PC12 cells are derived from a pheochromocytoma of the rat adrenal medulla and display the characteristics of adrenal chromaffin cells. PC12 cells are therefore often used as a model of the adrenal medulla in pharmacological studies[9]. These cells contain endogenous catecholamines that are released in response to distinct stimuli, including various herbal medicine components. For example, Salviae miltiorrhizae radix, a Korean herbal medicine, increases dopamine release from PC12 cells[10]. On the other hand, hirsuteine, a compound isolated from a Japanese herb of the Uncaria genus, antagonizes the nicotine-evoked secretion of dopamine[11]. In addition, extracts of ginseng, a component of rikkunshito, suppress the gene expression of enzymes involved in dopamine and norepinephrine synthesis in PC12 cells[12]. However, in spite of extensive studies utilizing PC12 cells, the effects of rikkunshito itself on the synthesis and/or release of catecholamines have never before been documented. We have been interested in the influences of Japanese herbal medicine on the endocrine system and examined the effects of rikkunshito on endocrine cells. We now report that rikkunshito stimulates the release of norepinephrine and dopamine from PC12 cells via a novel mechanism involving cAMP.


Rikkunshito stock solution

Rikkunshito was kindly supplied by Tsumura and Co. (Tokyo, Japan) as a spray-dried powder derived from a hot water extract of crude drugs. The spray-dried powder (10 g) was resuspended in hot water (100 ml), and the supernatant was filtered through a 0.45 μm sterile membrane (Millipore, Ireland). Phosphate buffered saline (10× stock solution, 1:9 v/v) was added to the filtrate to prepare the rikkunshito stock solution. Aliquots of the rikkunshito stock solution were stored at -30°C until use.

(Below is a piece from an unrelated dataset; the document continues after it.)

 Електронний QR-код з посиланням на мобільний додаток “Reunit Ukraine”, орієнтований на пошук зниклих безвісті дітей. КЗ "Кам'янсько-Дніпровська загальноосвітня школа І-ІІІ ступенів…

PC12-VG cells were previously established by the stable transfection of the β-galactosidase reporter gene transcribed from the vasoactive intestinal peptide (VIP) gene promoter into the parental rat pheochromocytoma PC12 cell line[13]. Cells were maintained in Dulbecco’s modified Eagle’s medium supplemented with 10% fetal bovine serum (ICN Biomedicals, Inc., Aurora, OH), 5% horse serum (Gibco, Life Technologies, Carlsbad, CA), penicillin-streptomycin (100 U/ml penicillin and 100 μg/ml streptomycin) (nacalai tesque, Kyoto, Japan), and 100 μg/ml G418 disulfate aqueous solution (nacalai tesque), as previously described[13].

Measurement of intracellular cAMP levels

Semi-confluent cells plated in 24-well plates were treated in triplicate for 30 min with forskolin (0, 0.1, 0.3, 1, or 3 μM) (Calbiochem, Merck, Damstadt, Germany) plus rikkunshito stock solution (0, 1, or 3%). Cells were then subjected to a competition enzyme-linked immunoassay by using the cAMP XP™ assay kit (Cell Signaling Technology, Danvers, MA).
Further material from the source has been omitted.